SUPPLIED MATERIAL:
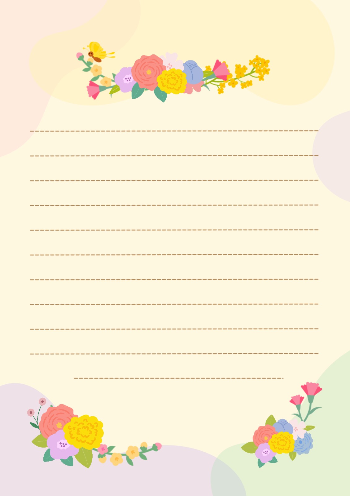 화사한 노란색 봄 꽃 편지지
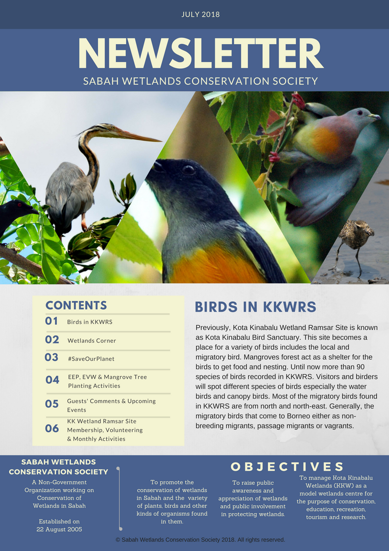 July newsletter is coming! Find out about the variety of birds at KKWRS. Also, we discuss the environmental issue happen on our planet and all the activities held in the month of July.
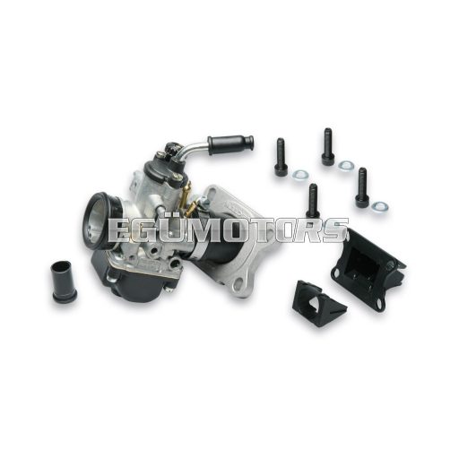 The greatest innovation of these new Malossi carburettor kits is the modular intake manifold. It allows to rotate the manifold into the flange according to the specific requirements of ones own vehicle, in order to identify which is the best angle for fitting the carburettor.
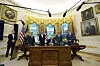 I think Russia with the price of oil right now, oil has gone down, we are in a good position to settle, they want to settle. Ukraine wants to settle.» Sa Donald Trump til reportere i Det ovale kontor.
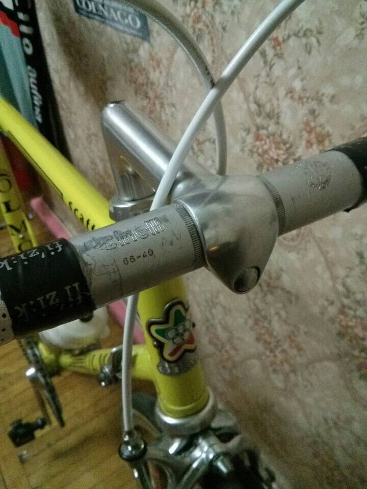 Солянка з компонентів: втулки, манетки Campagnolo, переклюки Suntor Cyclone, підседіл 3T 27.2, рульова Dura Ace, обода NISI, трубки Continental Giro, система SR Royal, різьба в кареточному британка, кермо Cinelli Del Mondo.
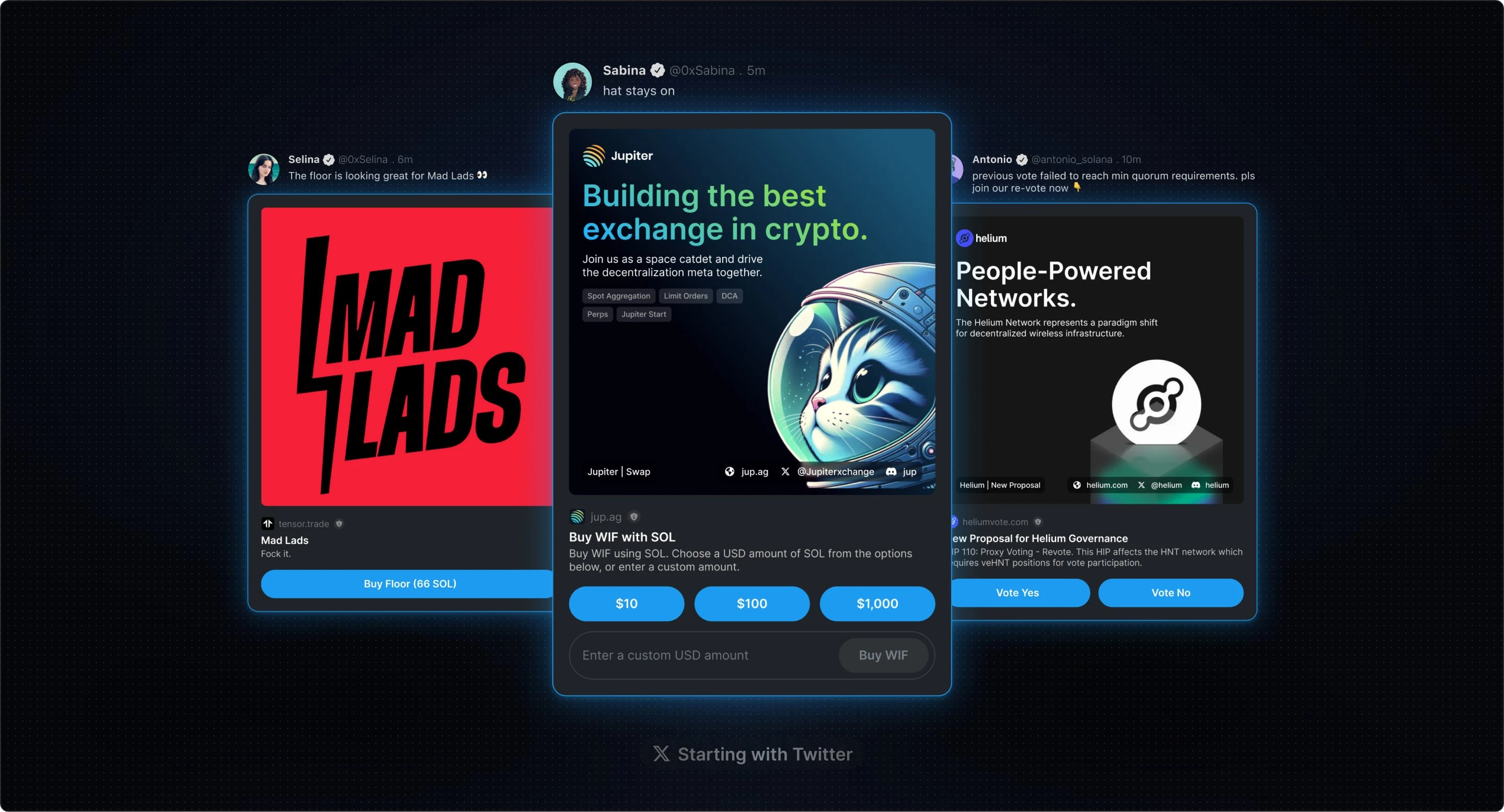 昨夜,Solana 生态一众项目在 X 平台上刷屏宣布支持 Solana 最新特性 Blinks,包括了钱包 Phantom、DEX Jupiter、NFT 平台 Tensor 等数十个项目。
==
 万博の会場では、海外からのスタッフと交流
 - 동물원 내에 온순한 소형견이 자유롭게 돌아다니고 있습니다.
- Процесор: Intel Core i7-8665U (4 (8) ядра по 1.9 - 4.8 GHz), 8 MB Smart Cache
...
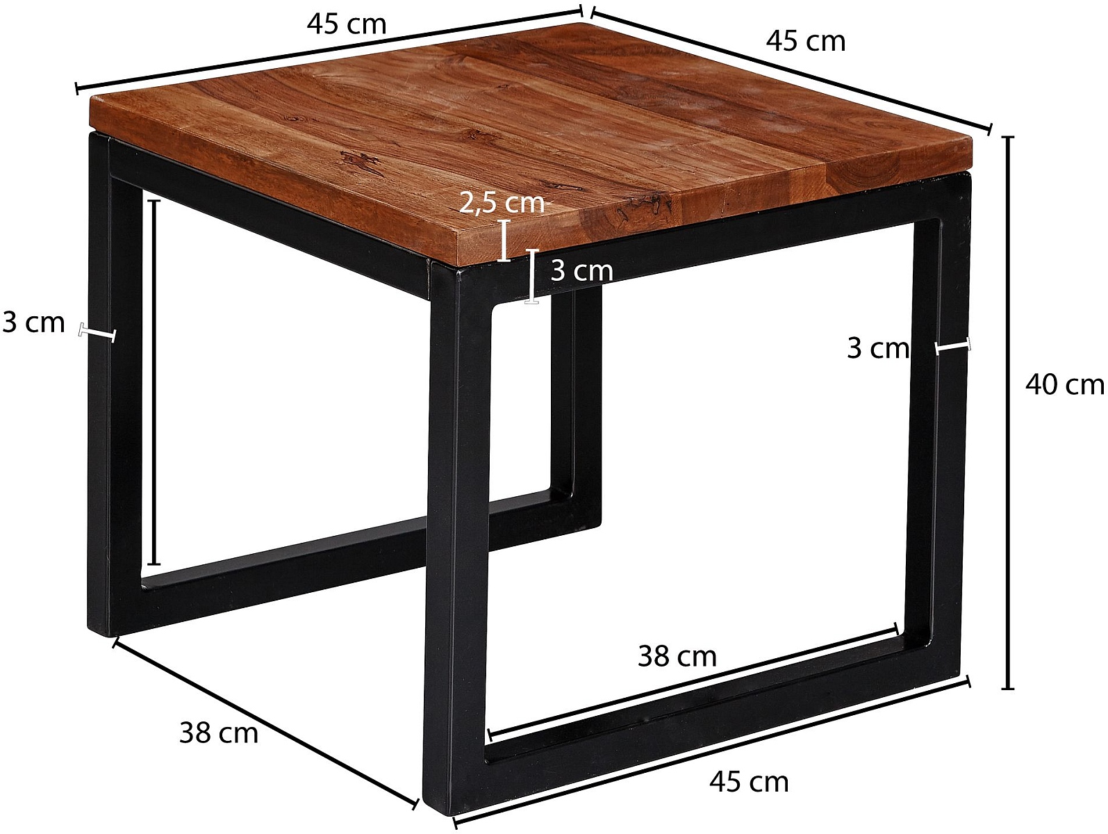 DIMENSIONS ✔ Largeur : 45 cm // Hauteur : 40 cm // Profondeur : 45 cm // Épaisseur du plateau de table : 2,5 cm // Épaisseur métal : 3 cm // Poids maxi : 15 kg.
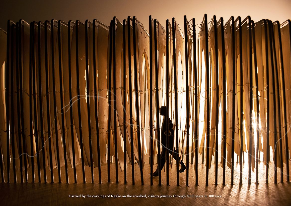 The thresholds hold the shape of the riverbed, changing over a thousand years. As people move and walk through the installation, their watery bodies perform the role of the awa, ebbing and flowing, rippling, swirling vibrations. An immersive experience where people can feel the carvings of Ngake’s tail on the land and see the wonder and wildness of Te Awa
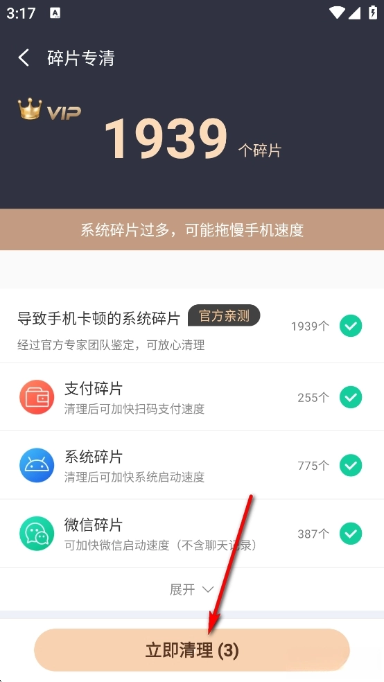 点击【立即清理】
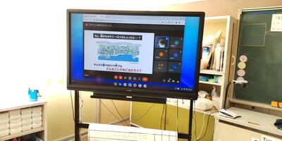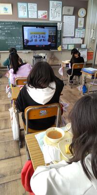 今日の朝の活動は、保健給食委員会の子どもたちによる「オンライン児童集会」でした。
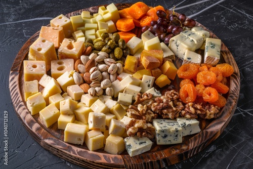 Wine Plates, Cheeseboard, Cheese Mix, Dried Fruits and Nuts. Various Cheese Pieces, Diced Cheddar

ACTIVITY: Excluding any pictures, print exactly the lines of the listing above from the line with "화사한 노란색 봄 꽃 편지지" to the line with "July newsletter is", both ends included.

EXERCISE RESPONSE:
 화사한 노란색 봄 꽃 편지지
 July newsletter is coming! Find out about the variety of birds at KKWRS. Also, we discuss the environmental issue happen on our planet and all the activities held in the month of July.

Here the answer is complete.